(WORK REQUIRED): When you find the line that contains "Cosysense project development session", restate it and all lines after it exactly, stopping at the end of the material.

(GIVEN DATA):

○ ○ ○ ○ ○

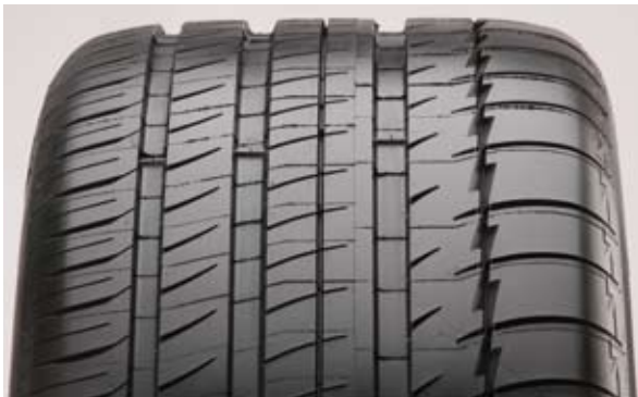
The Michelin Latitude Sport

maximum wear resistance. As with the Michelin Latitude Sport, they offer modest rolling resistance and therefore better fuel economy.
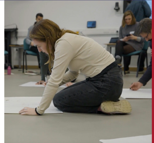
Cosysense project development session

Focusing on people's thermal satisfaction to create power and emissions savings allows the Cosysense system to meet a wide range of needs in one business model and provide benefits across the ecosystem of building users.

○ ○ ○ ○ ○

(PROBLEM SOLUTION):
Cosysense project development session

Focusing on people's thermal satisfaction to create power and emissions savings allows the Cosysense system to meet a wide range of needs in one business model and provide benefits across the ecosystem of building users.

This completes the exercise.